Transcribe the entries exactly as given and skip whatever images they hold.

Raw data START

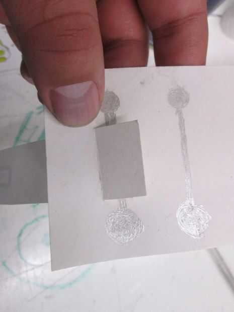 Debe hacer esto de una manera donde la tinta conductiva en la parte posterior de la ficha se conecta con la tinta conductiva en la parte frontal de la pieza donde se instalará los componentes del módulo.
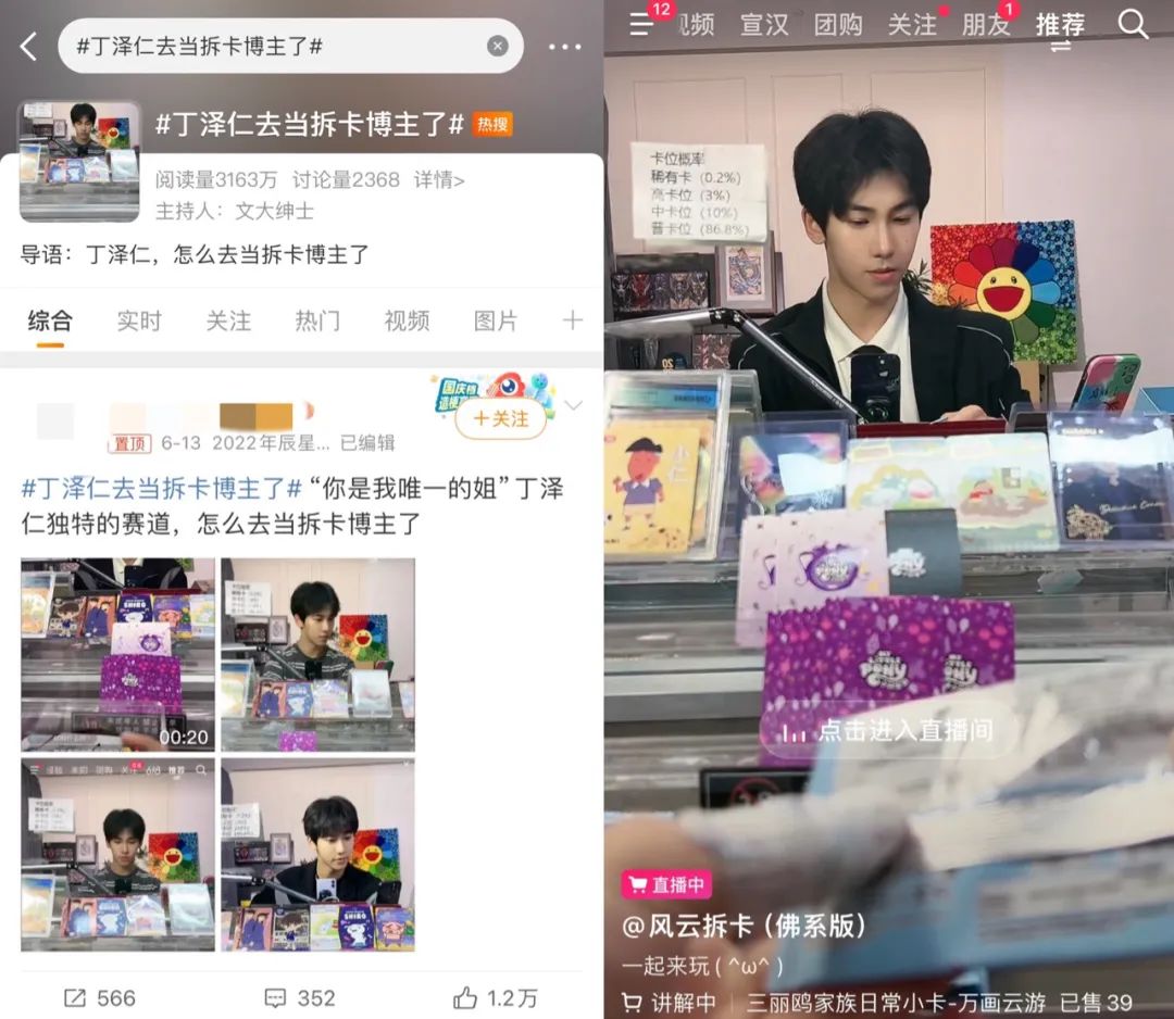 最具争议的是最近当上“拆卡主播”的丁泽仁,和其他一众爱豆们比,丁泽仁的起点其实并不低,即便没能在《偶像练习生》中出道,背靠乐华的丁泽仁最终还是以乐华七子THE NEXT成员身份出道,也有机会在各大影视剧中露脸。如今开设拆卡账号@风云拆卡(佛系版)在直播间里拆卡,多少让粉丝们有些不解。
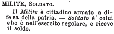 Milite, Soldato - Il Milite è cittadino armato a difesa della patria. - Soldato è colui che è nell'esercito regolare, e riceve il soldo. [immagine]
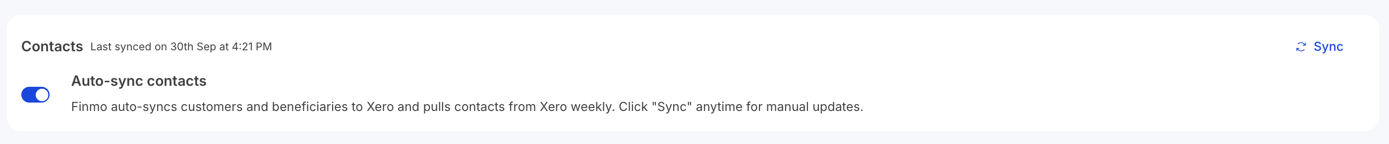 - Before pushing transactions to Xero, ensure that Customers and Beneficiaries from Finmo are synced to Xero. In Xero, Customers and Beneficiaries are referred to as Contacts.
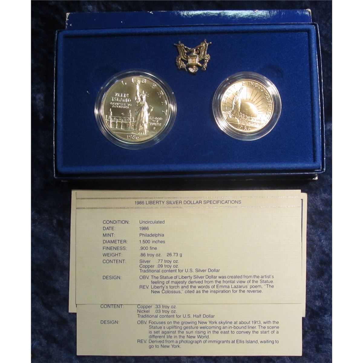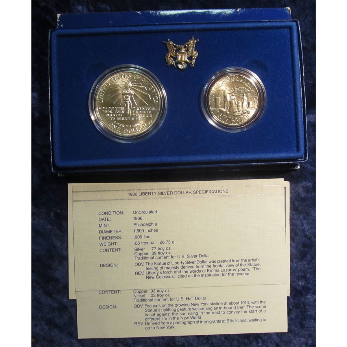 51. 1986 S Statue of Liberty Two-Piece Unc Set with Silver Dollar and Half-Dollar.
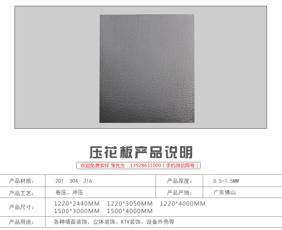 您當前位置:首頁 >> 產(chǎn)品展示 >> 不銹鋼裝飾板材 >> 按表面效果分 >> 花紋不銹鋼板
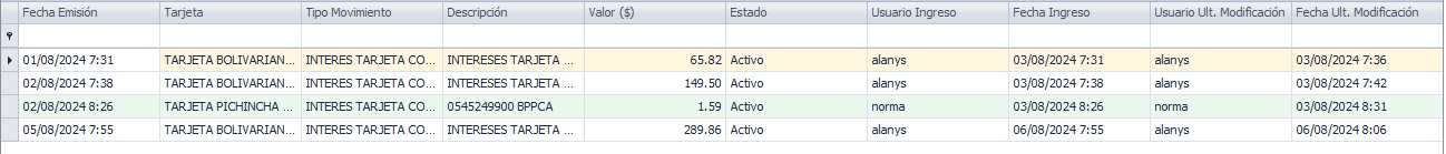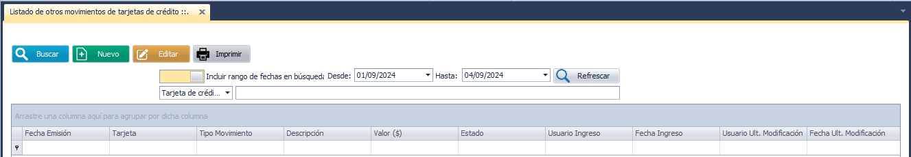 Se apertura la ventana con el nombre Listado de otros movimientos de tarjetas de crédito.
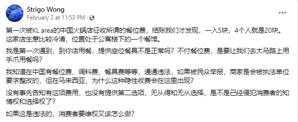 The complaint first popped up in Facebook group Malaysian Law Forum on 2nd February. Apparently, the customer hoped to seek legal advice regarding their situation. “It was the first time a hot pot restaurant in KL had charged a so-called cover fee. When we paid the bill, we discovered it was RM5 per person and RM20 for four people,” they said.
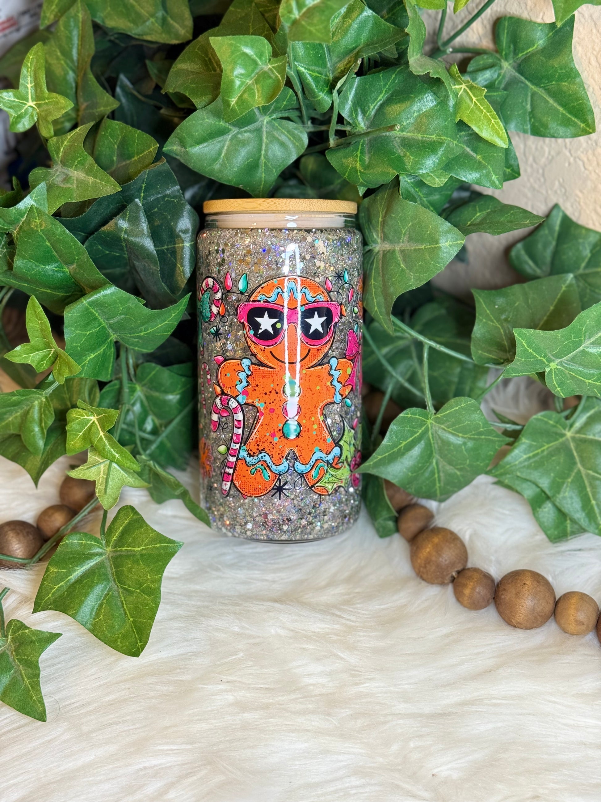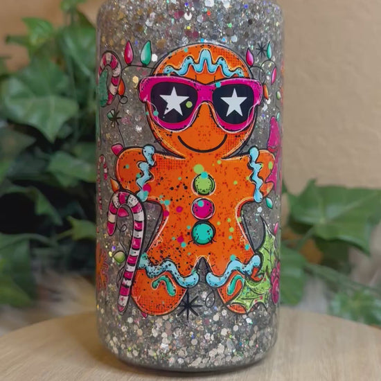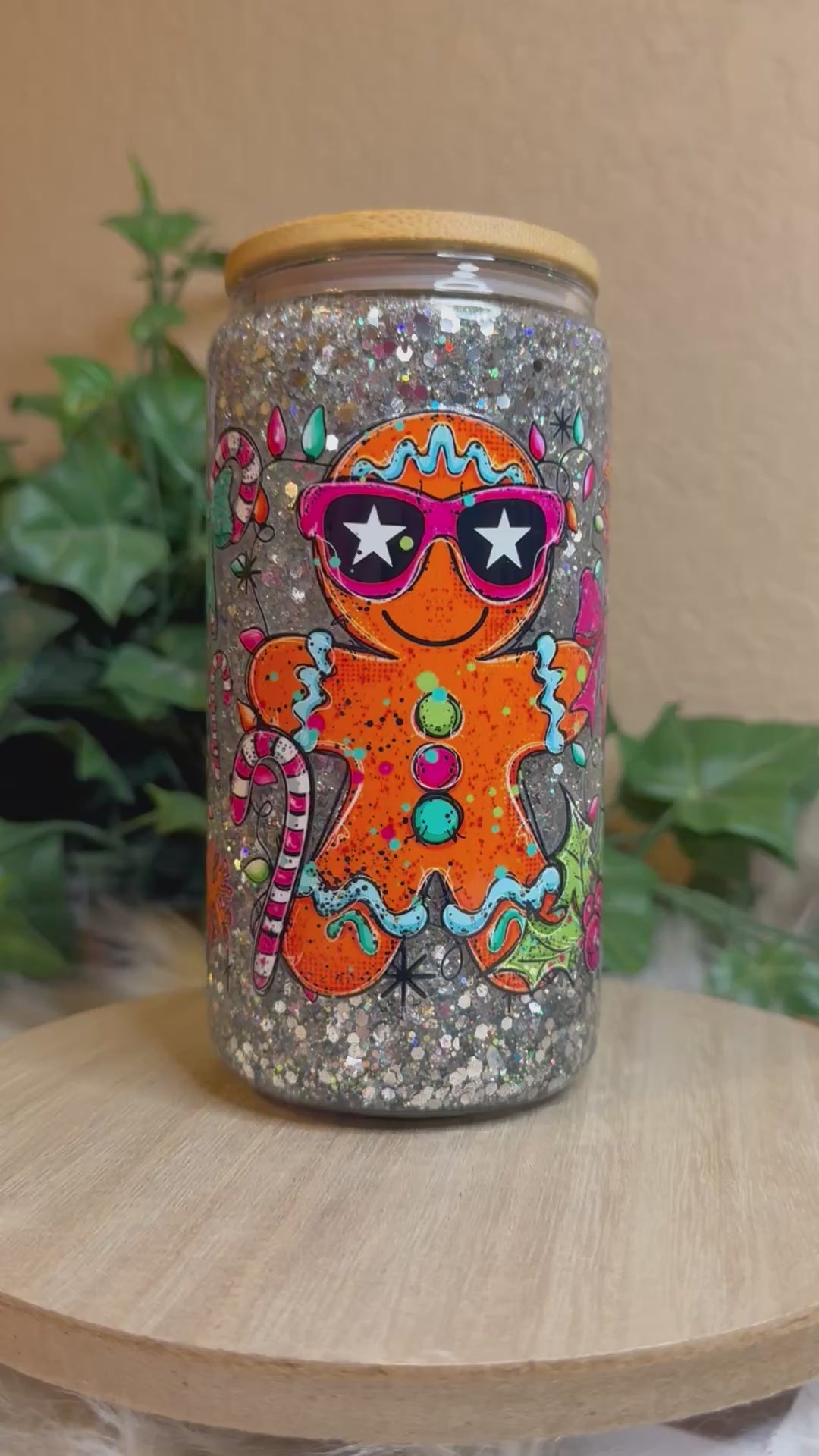 16 oz Double Wall Glass Can Snow Globe. Usable cup comes with hard plastic straw. Give it a shake to see the glitter move.
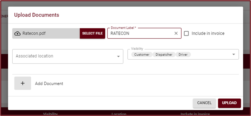 - To upload the file, you have the option to either drag and drop it or select it manually. Fill in all the necessary information in the pop-up window. If you want the Ratecon to be attached to the invoice, remember to check the box next to Include in invoice before selecting 'Upload'.
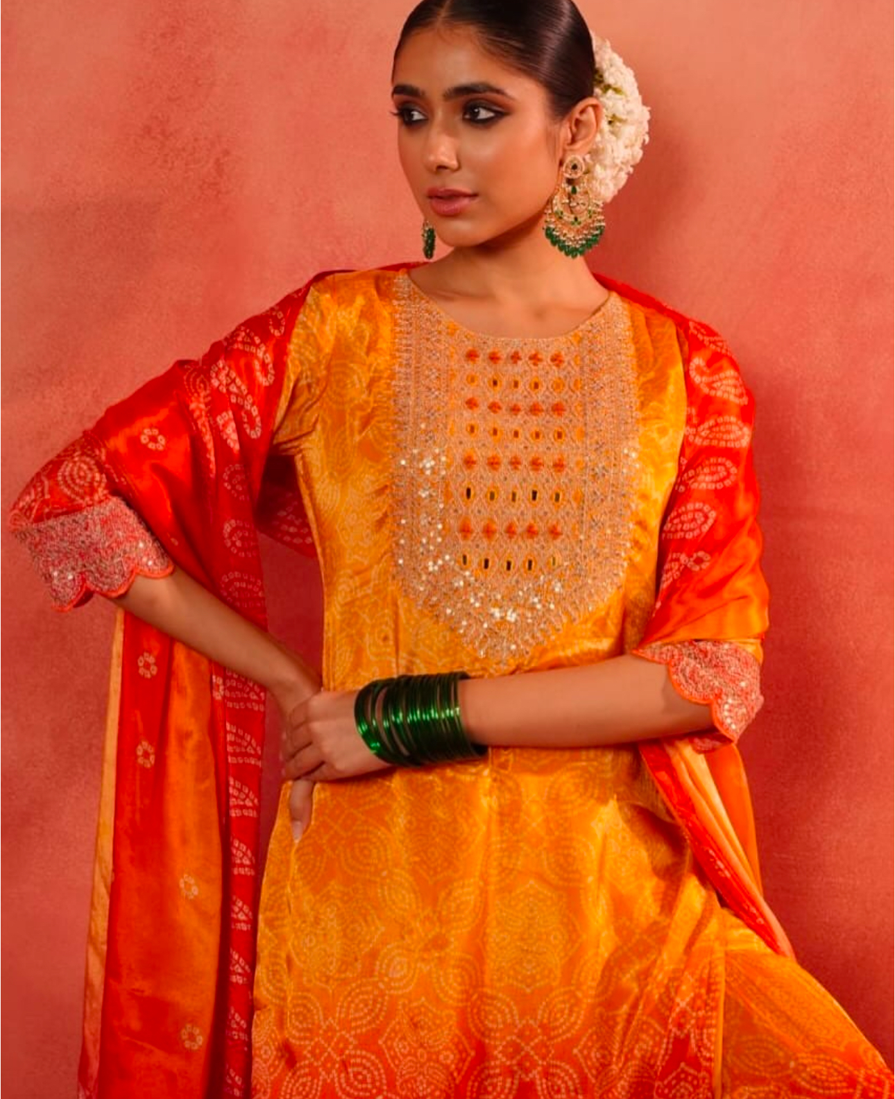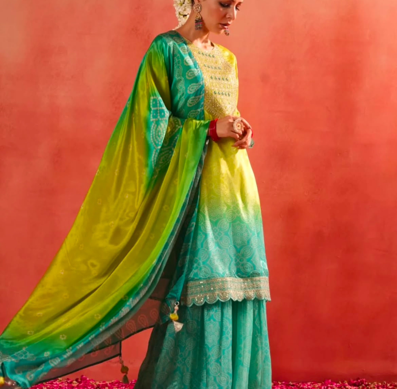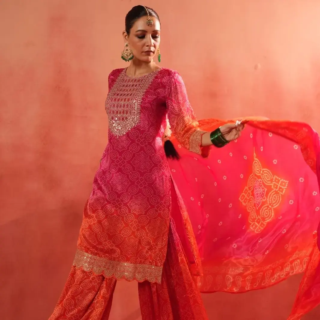 Traditional Bandhani Sharara Set for Women – Mirror Neck Kurta with Dupatta – Perfect for Haldi/Mehendi/Navratri/Wedding

Raw data END

Your response:
 Debe hacer esto de una manera donde la tinta conductiva en la parte posterior de la ficha se conecta con la tinta conductiva en la parte frontal de la pieza donde se instalará los componentes del módulo.
 最具争议的是最近当上“拆卡主播”的丁泽仁,和其他一众爱豆们比,丁泽仁的起点其实并不低,即便没能在《偶像练习生》中出道,背靠乐华的丁泽仁最终还是以乐华七子THE NEXT成员身份出道,也有机会在各大影视剧中露脸。如今开设拆卡账号@风云拆卡(佛系版)在直播间里拆卡,多少让粉丝们有些不解。
 Milite, Soldato - Il Milite è cittadino armato a difesa della patria. - Soldato è colui che è nell'esercito regolare, e riceve il soldo. [immagine]
 - Before pushing transactions to Xero, ensure that Customers and Beneficiaries from Finmo are synced to Xero. In Xero, Customers and Beneficiaries are referred to as Contacts.
 51. 1986 S Statue of Liberty Two-Piece Unc Set with Silver Dollar and Half-Dollar.
 您當前位置:首頁 >> 產(chǎn)品展示 >> 不銹鋼裝飾板材 >> 按表面效果分 >> 花紋不銹鋼板
 Se apertura la ventana con el nombre Listado de otros movimientos de tarjetas de crédito.
 The complaint first popped up in Facebook group Malaysian Law Forum on 2nd February. Apparently, the customer hoped to seek legal advice regarding their situation. “It was the first time a hot pot restaurant in KL had charged a so-called cover fee. When we paid the bill, we discovered it was RM5 per person and RM20 for four people,” they said.
 16 oz Double Wall Glass Can Snow Globe. Usable cup comes with hard plastic straw. Give it a shake to see the glitter move.
 - To upload the file, you have the option to either drag and drop it or select it manually. Fill in all the necessary information in the pop-up window. If you want the Ratecon to be attached to the invoice, remember to check the box next to Include in invoice before selecting 'Upload'.
 Traditional Bandhani Sharara Set for Women – Mirror Neck Kurta with Dupatta – Perfect for Haldi/Mehendi/Navratri/Wedding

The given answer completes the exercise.